The building became our haven, a safe zone with reach. A tiny office in the corner serviced this gargantuan auditorium crowd, each person possibly more in need than the next. This was the shelter. Maybe the people outside were waiting for their turn inside?
I swallowed hard. Even inside, this felt too dangerous for me and my tribe to survive. So what do you have in store for us, Universe? I released a quick prayer, one child in each hand determined to keep up with Dana.
Samaj and Torah played. Dana and I waited. Eventually they called my name.
Dana held the door for me, into the tiny office. A disheveled young man asked me to take a seat.
“We need you to answer a few questions, so we can process your application.” He said. Nice enough, the man looked overworked, slightly frazzled but in charge. He asked the same questions that he’s asked hundreds before without looking up from his desk.
“Did you graduate high school?” He expected me to say no.
“Yes” I said. “Actually, I graduated from college.” He raised his head and made eye contact with me. It wasn’t his fault, but he could not hide his dismay.
“Then why are you here with five kids?” he exclaimed. Nobody was more surprised about my life at this time than I. If I compared my life as it was to what I expected it to be, I would have crumbled under the disappointment. I was here.

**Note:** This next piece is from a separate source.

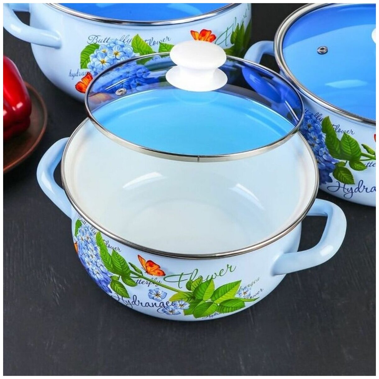Кастрюли сделаны из качественной стали, покрытой эмалью с декоративным рисунком. Они отлично подходят для приготовления и хранения различных блюд. Особенности: крышки ускоряют приготовление пищи, внутренняя поверхность безопасна для продуктов питания, пластиковые ручки на крышках помогают избежать ожогов. Рекомендуется использовать мягкие губки и неабразивные моющие средства. Температурное ограничение: Нет В наборе, шт: 3 Рисунок: Да Крышка: Да Съёмная ручка: Нет Объём, л: 2 Объём, л: 3 Объём, л: 4 Капсульное дно: Нет Материал крышки: Стекло Цвет: Голубой Материал: Эмалированная сталь Тип покрытия: Эмалированное Тип плиты: Для электрической плиты Тип плиты: Для газовой плиты Тип плиты: Для стеклокерамической плиты Тип плиты: Для индукционной плиты Тип плиты: Для галогенной плиты Особенность: Индукционная плита Состав набора: Кастрюля Можно мыть в посудомоечной машине: Да Варианты: Гортензия
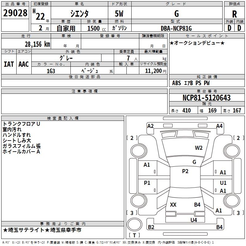 TOYOTA SIENTA G - лот 29028

It didn’t matter how I got here or how I needed help to get a roof over my head, and my children. My constant prayer was to get us to a better place.
Still it hurt to hear the shock and the question again and again. I mumbled something about how their father threw me out on the street, and blah blah blah. The young man closed his folder.

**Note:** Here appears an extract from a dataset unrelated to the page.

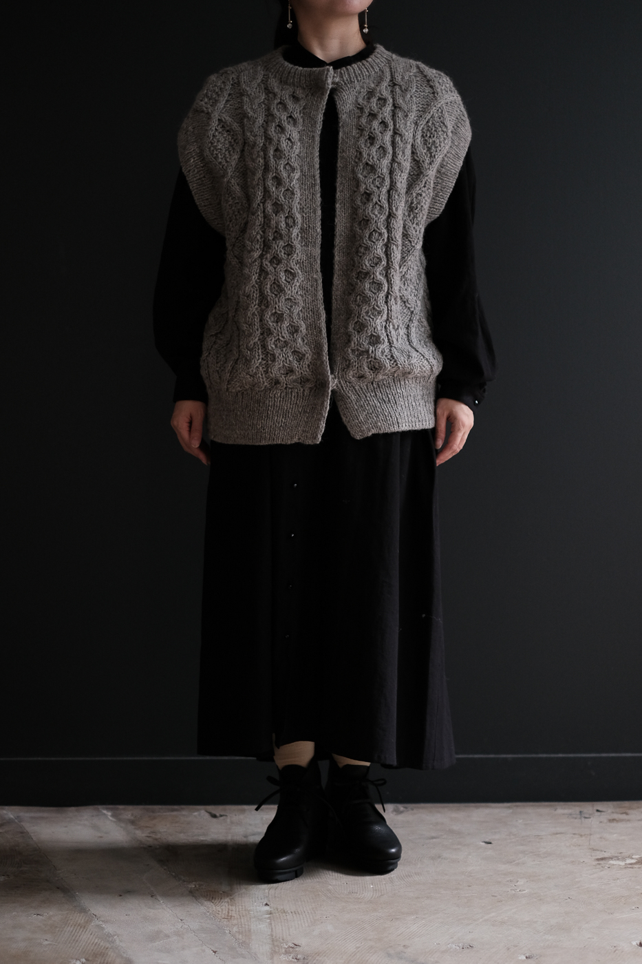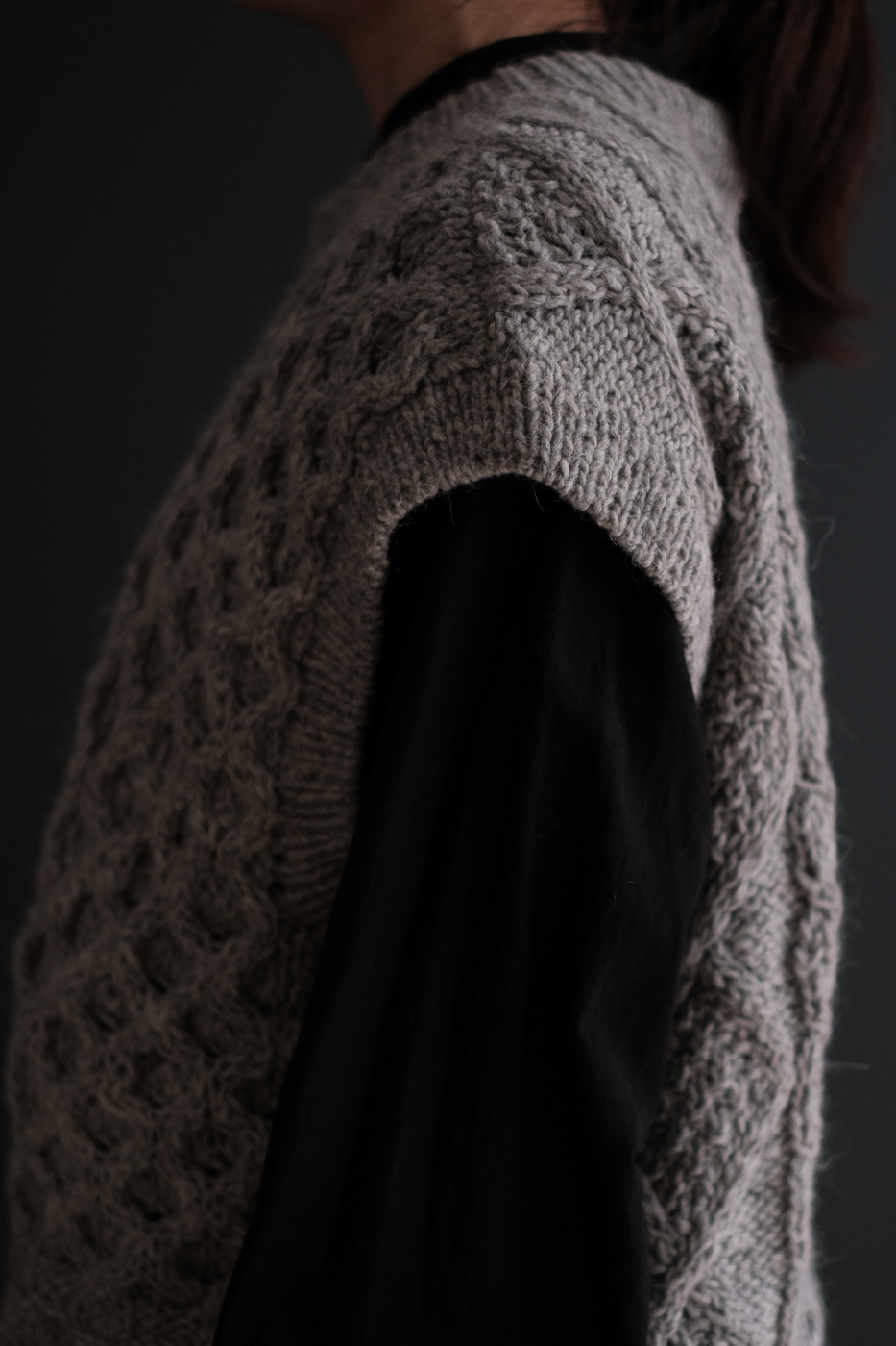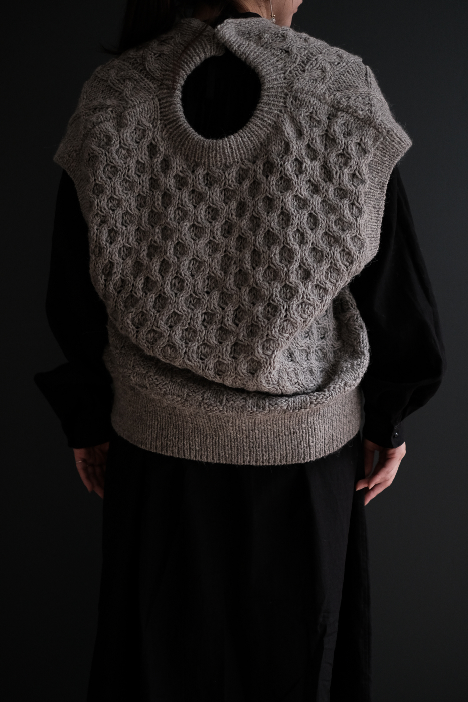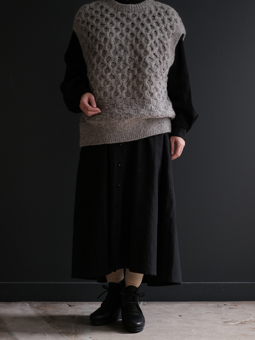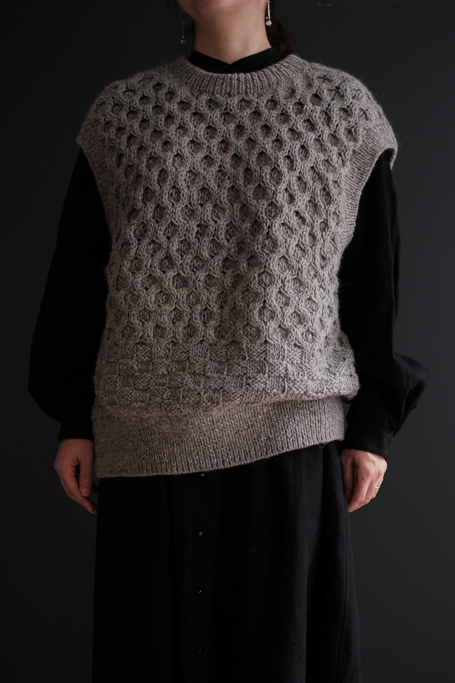 棒針で編まれたハンドアラン柄ベストです。

“You will have an answer by the end of the day.” He walked out. I didn’t know what to think.
“That’s a good sign, Wendy”, Dana remarked. “Usually, they say that they are full and put you are on a waiting list. But I think having five kids helps your case.”
I knew in my core that the Universe would provide for us. How did I know? There were so many homeless people, it would be easy to despair. It was faith. Not blind faith, but a pure connection renewed with the Universe guiding me and guiding those helping me.
A tiny, beaten broken woman could not overcome any of this alone. I tapped into a Divine Source. A presence carried me these past few days. I was in partnership with God.
The call came. They had shelter for us. Not the best motel in not the best part of East Los Angeles, but the best possible answer I could hear. We had a place to stay. I was grateful. My children would not be in the streets. Our latest temporary shelter would be exactly what we needed, as long as we needed it.
For all the rejection and all the people still waiting, there was no doubt in my mind that God was taking good care of us. We would be OK. My growing real faith would help me transcend the unimaginable.